The problem =>
Output must consist only of the lines of the material below from the one with "2.然后界面上就会弹出一个导" through the one with "Private yard continues", each reproduced exactly; no pictures belong in it.
BEGIN Data to use
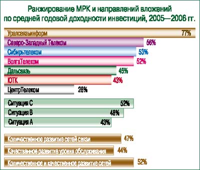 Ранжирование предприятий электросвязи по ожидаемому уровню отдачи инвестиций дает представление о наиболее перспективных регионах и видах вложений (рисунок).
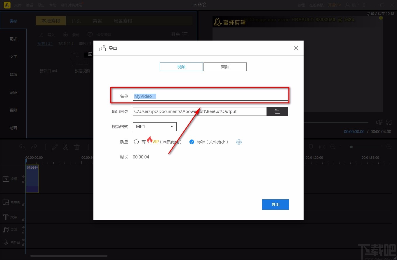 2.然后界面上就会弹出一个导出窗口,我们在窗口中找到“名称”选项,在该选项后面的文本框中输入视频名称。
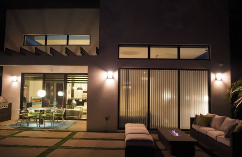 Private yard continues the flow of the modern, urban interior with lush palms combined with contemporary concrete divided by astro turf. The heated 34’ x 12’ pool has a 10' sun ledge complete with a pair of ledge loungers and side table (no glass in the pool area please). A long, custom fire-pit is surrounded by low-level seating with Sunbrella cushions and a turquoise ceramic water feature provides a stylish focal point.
END Data to use
BEGIN Data to use
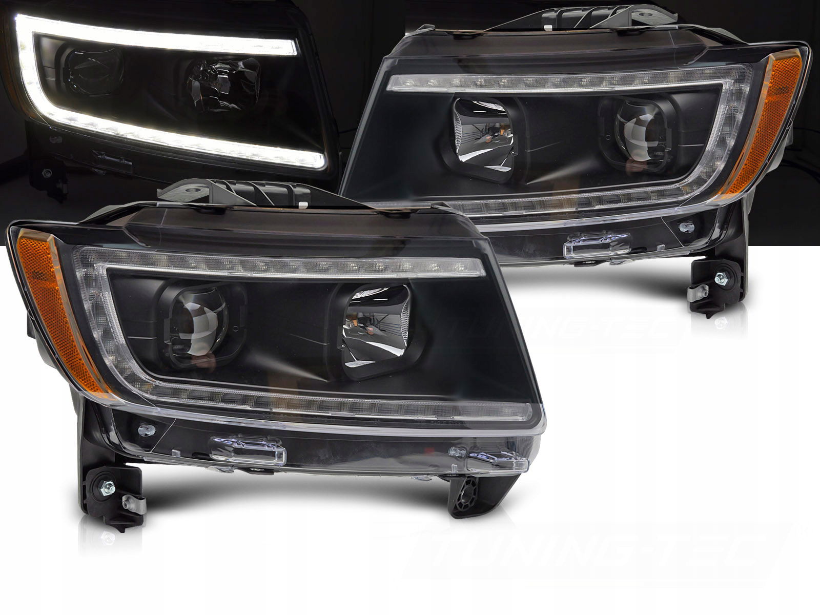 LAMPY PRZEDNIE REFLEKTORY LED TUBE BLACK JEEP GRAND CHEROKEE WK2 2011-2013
END Data to use
BEGIN Data to use
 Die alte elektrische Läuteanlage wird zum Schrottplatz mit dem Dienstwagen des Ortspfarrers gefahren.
END Data to use
Output of the exercise =>
 2.然后界面上就会弹出一个导出窗口,我们在窗口中找到“名称”选项,在该选项后面的文本框中输入视频名称。
 Private yard continues the flow of the modern, urban interior with lush palms combined with contemporary concrete divided by astro turf. The heated 34’ x 12’ pool has a 10' sun ledge complete with a pair of ledge loungers and side table (no glass in the pool area please). A long, custom fire-pit is surrounded by low-level seating with Sunbrella cushions and a turquoise ceramic water feature provides a stylish focal point.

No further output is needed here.